Note that, in the digital camera 10, for example, the target image size or the target bit rate can be set according to one or more of the profile, level, and tier of the codec supported by the node as the external device so as not to violate the profile, level, and tier.
Furthermore, in the digital camera 10, according to the connection method of connecting to the node as the external device, for example, the communication standard which the digital camera 10 and the node conform to when communicating with each other, it is possible to set the target image size or the target bit rate so as not to violate the profile, level, and tier of the codec supported by the communication standard.
The image size of the tile images can be set such that the image size or the bit rate of the tile images is equal to or less than the target image size or the target bit rate, or such that the image size and the bit rate of the tile images respectively fall within predetermined ranges based on the target image size and the target bit rate.
Note that, in FIG. 20 , the target image size or the target bit rate is set according to information from the outside such as the performance of the node, but the image size of the tile images can be set according to the information from the outside such as the performance of the node such that the total processing time falls within a predetermined time.
Furthermore, in FIG. 20 , the tile images are obtained by dividing the image captured by the digital camera 10, but for example, a plurality of images captured by a plurality of cameras can be used as the tile images and input to the node.
FIG. 21 is a diagram illustrating an example of setting the image size of the tile images in the fifth use case.
FIG. 21 illustrates a case where a plurality of tile images stored in the HEIF file is decoded in parallel in a plurality of nodes as processing blocks that process the tile images, and reproduction with a restriction on reproduction time per image, such as slide show reproduction, TimeLapse reproduction, or the like, is performed on the grid image formed by the plurality of tile images decoded in the plurality of nodes.
That is, in FIG. 21 , for example, each node decodes each of four tile images obtained by dividing the image captured by the digital camera 10, and the grid image is including the four tile images within a predetermined time for satisfying the restriction of the reproduction time.

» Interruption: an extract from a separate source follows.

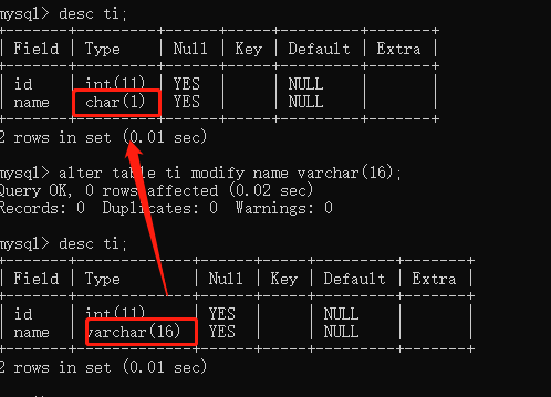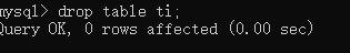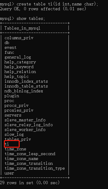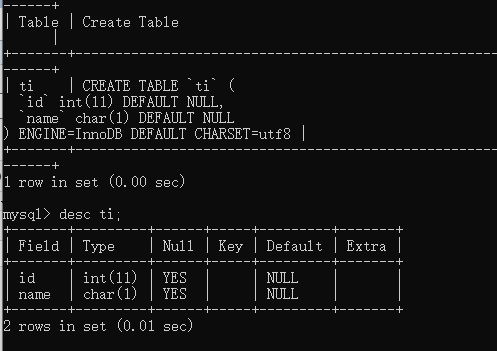 create table ti(id int,name char); # 创建表(必须有字段名和类型)

The decoding of the tile images at the nodes and the formation of the grid image in which the tile images are arranged may be performed in the digital camera 10 or may be performed outside the digital camera 10.
In FIG. 21 , the total processing time required for decoding the tile images and forming the grid image in each node is affected by the performance (decoding throughput) of the node, and in order to keep the total processing time within a predetermined time, it is necessary to limit the image size and bit rate of the tile images processed in the node according to the performance of the node.
Accordingly, regarding the image size or the bit rate of the tile images, the target image size or the target bit rate as targets can be set according to the performance of the node such that the total processing time falls within a predetermined time. Then, the image size of the tile images can be set such that the image size or the bit rate of the tile images is equal to or less than the target image size or the target bit rate.
As in the case of FIG. 20 , the target image size or the target bit rate can be set according to the information from the outside.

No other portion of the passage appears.